Records from a collection:
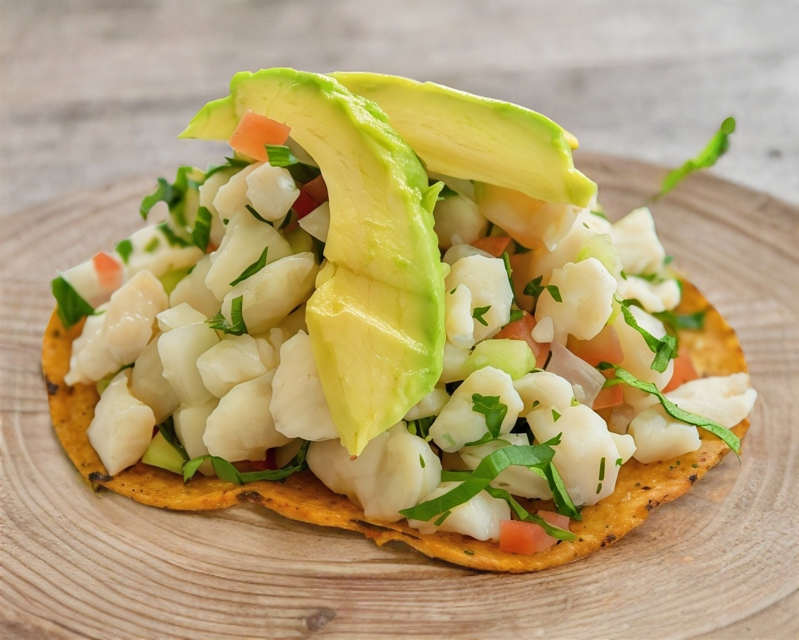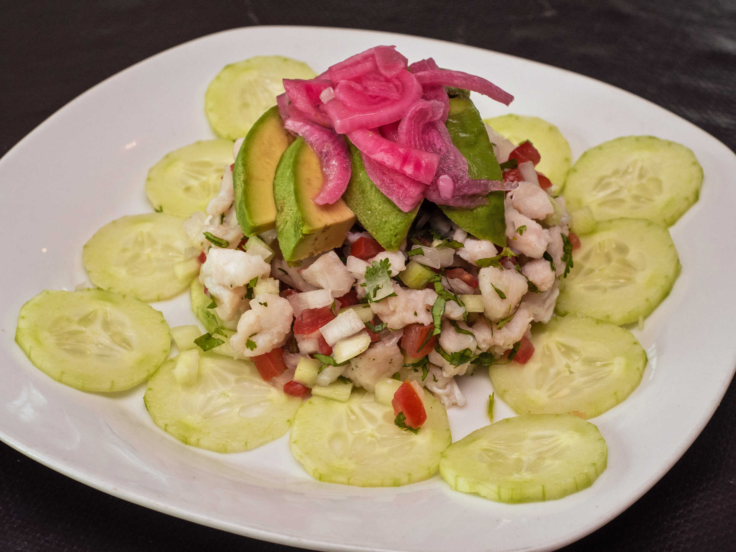 Pescado macerado en limón con pico de gallo y pepino con láminas de aguacate
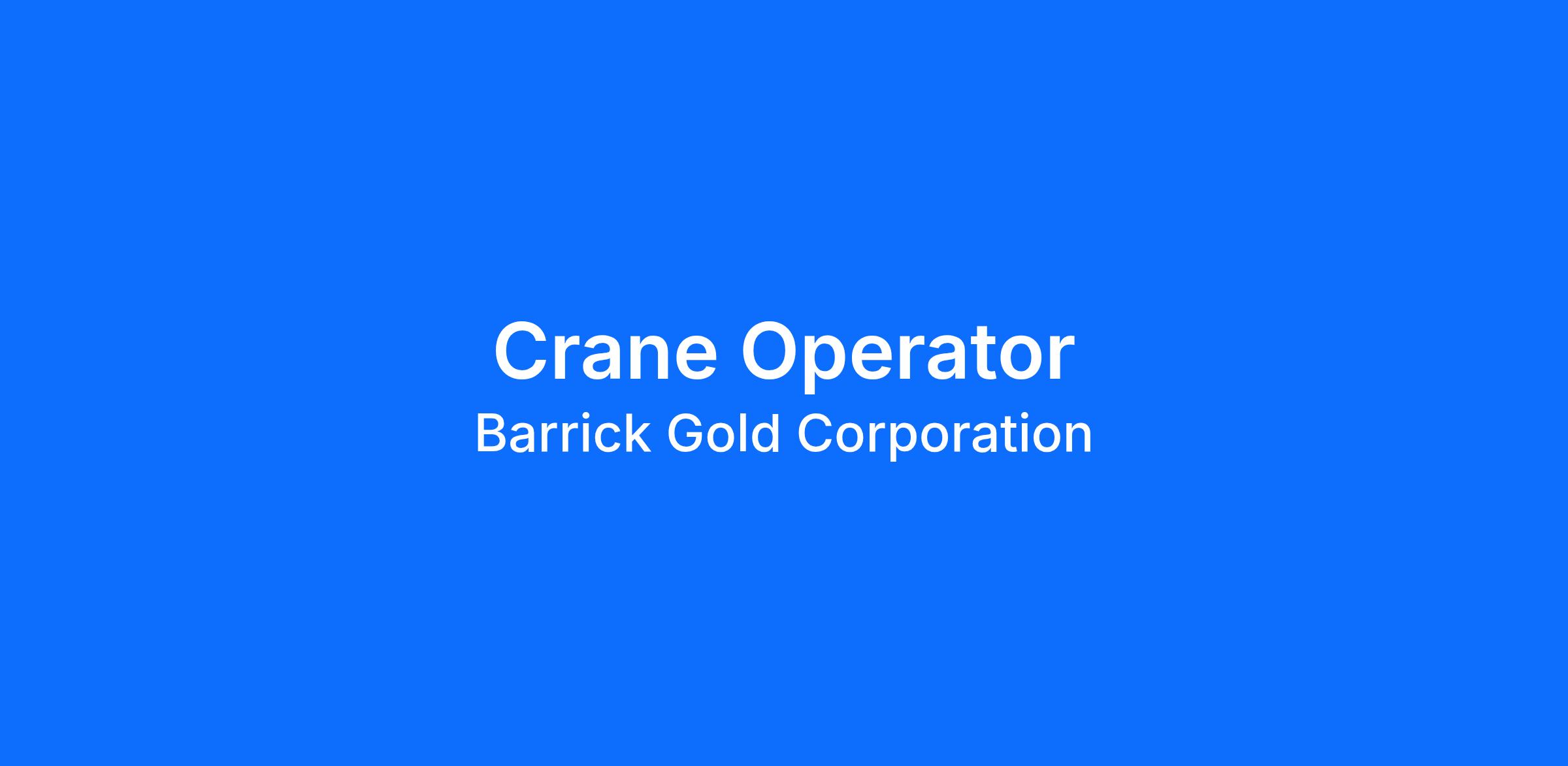 Lumwana Mining Company seeks to recruit a highly motivated and committed employee for the position of Crane Operator to join the versatile Process Department. We are in search of individuals who can champion Barrick's DNA by:
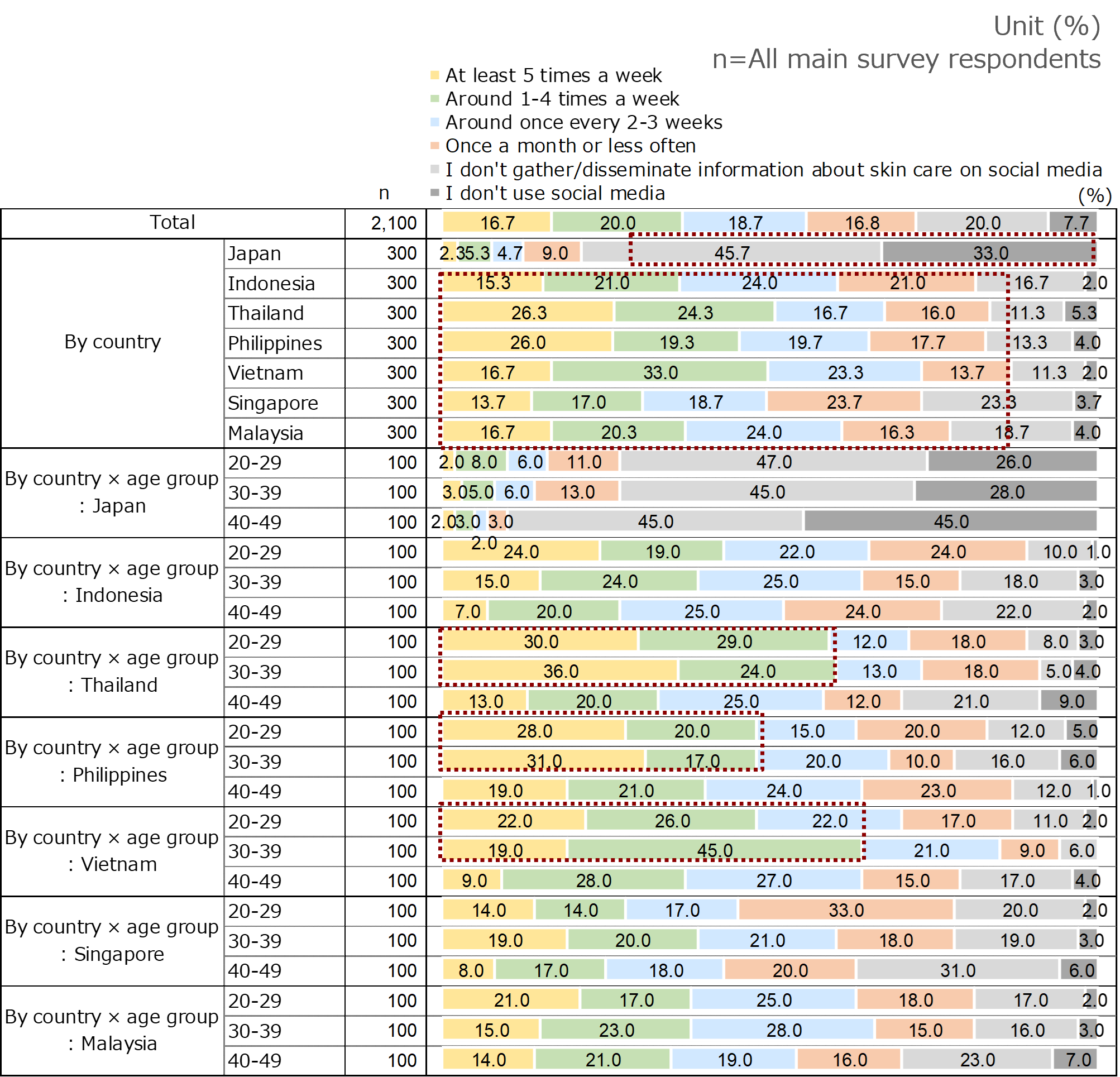 Many men in Japan do not use social media, and of those who do, the majority do not gather information about skin care on social media. On the other hand, the use of social media to gather information about skin care is common in the other countries and men in their 20s and 30s in Thailand, the Philippines and Vietnam tend to gather information with particularly high frequency.
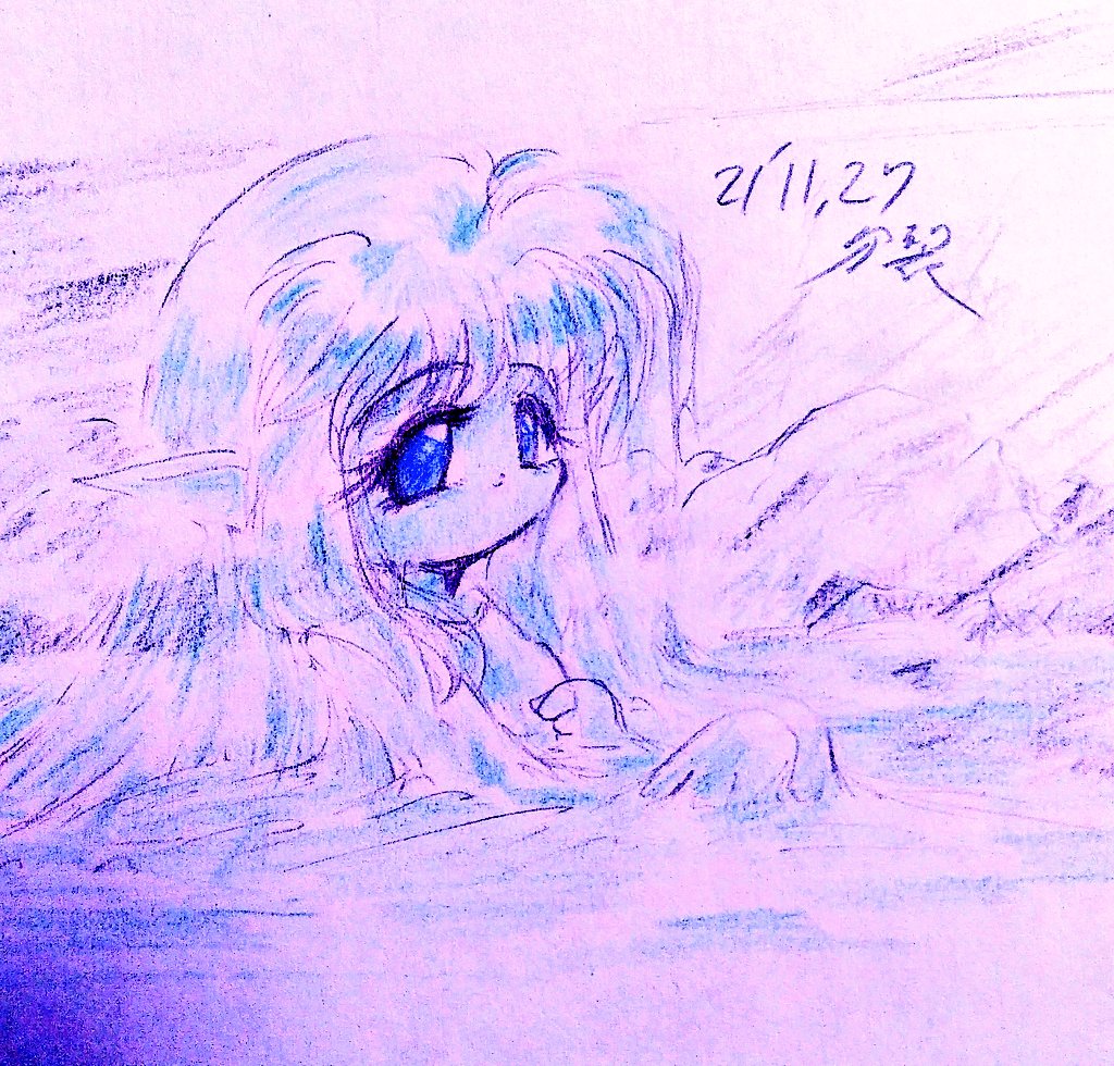 6 23 温泉ぽく... #スライム娘版深夜の真剣お絵描き60分一本勝負 21/11/27 23:20
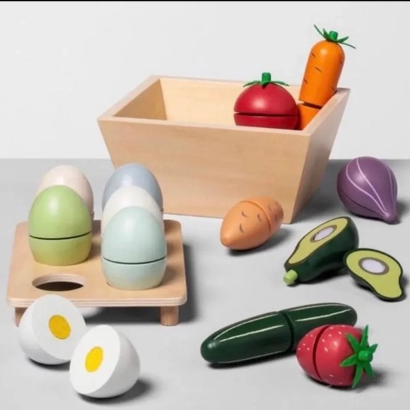 •28 piece wooden fruits and vegetables set with basket and little egg carton set
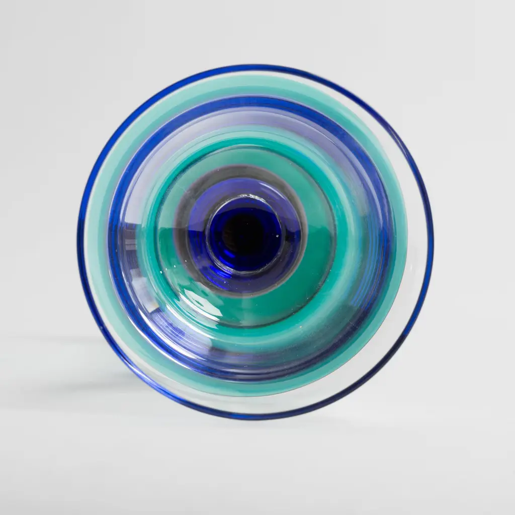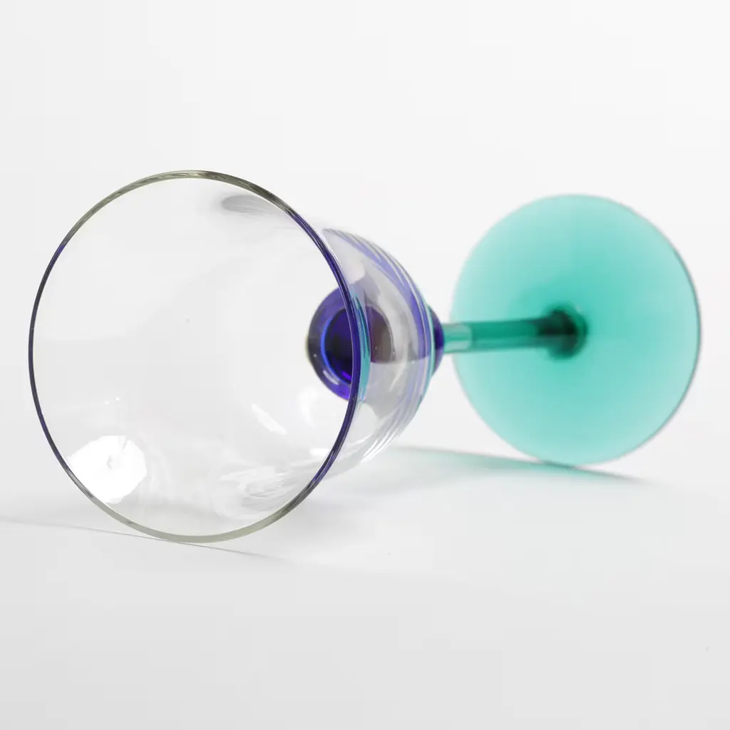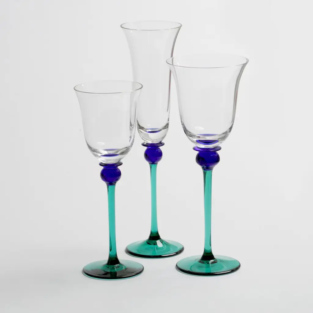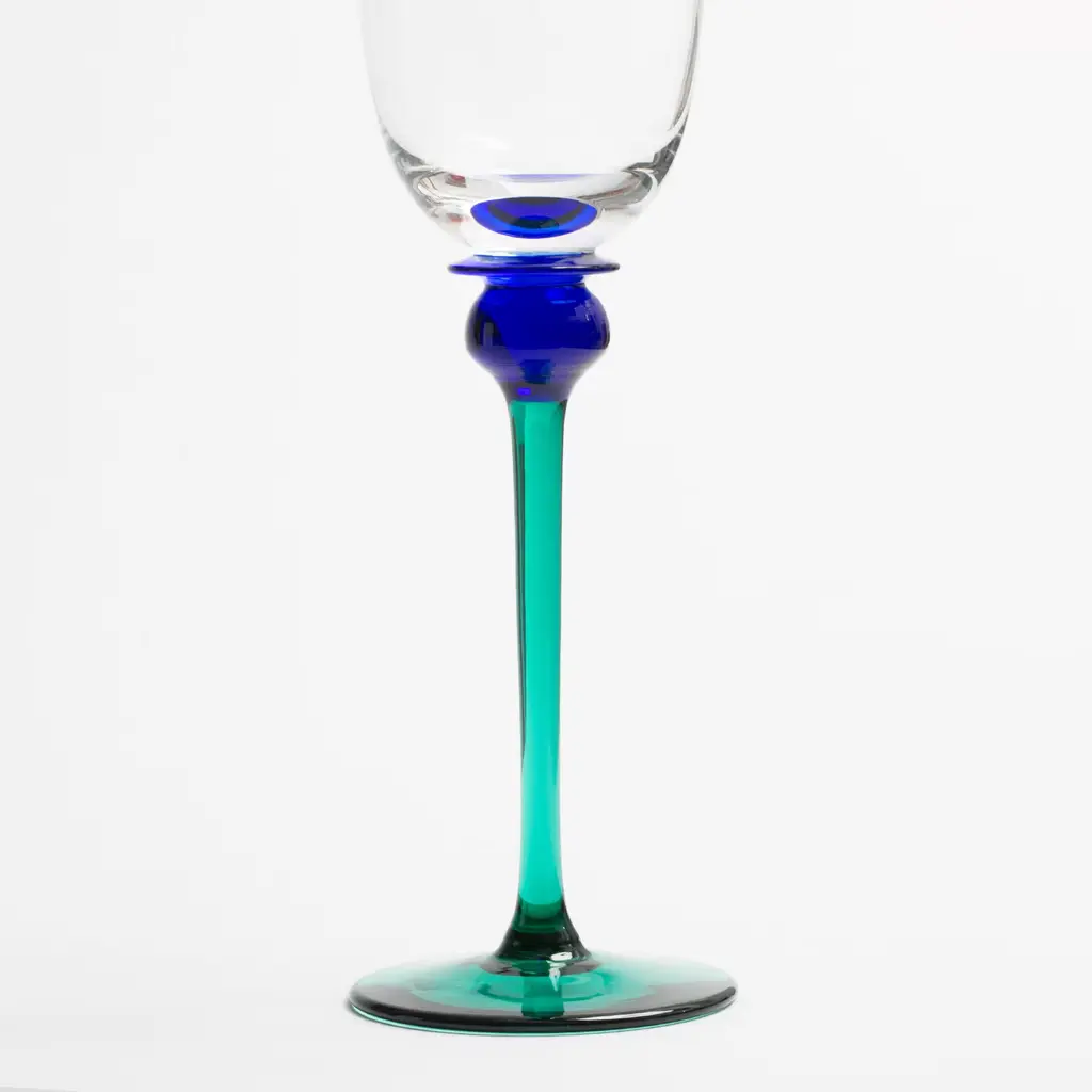 This exquisite set of 3 Glasses for Six and pitcher features elegant lines and vivid colors. The green handle turns blue at its base and the body is in crystal color.

= Directions for this task =
A precise repetition of every entry, free of pictures, is the expected answer.

= Solution to the exercise =
 Pescado macerado en limón con pico de gallo y pepino con láminas de aguacate
 Lumwana Mining Company seeks to recruit a highly motivated and committed employee for the position of Crane Operator to join the versatile Process Department. We are in search of individuals who can champion Barrick's DNA by:
 Many men in Japan do not use social media, and of those who do, the majority do not gather information about skin care on social media. On the other hand, the use of social media to gather information about skin care is common in the other countries and men in their 20s and 30s in Thailand, the Philippines and Vietnam tend to gather information with particularly high frequency.
 6 23 温泉ぽく... #スライム娘版深夜の真剣お絵描き60分一本勝負 21/11/27 23:20
 •28 piece wooden fruits and vegetables set with basket and little egg carton set
 This exquisite set of 3 Glasses for Six and pitcher features elegant lines and vivid colors. The green handle turns blue at its base and the body is in crystal color.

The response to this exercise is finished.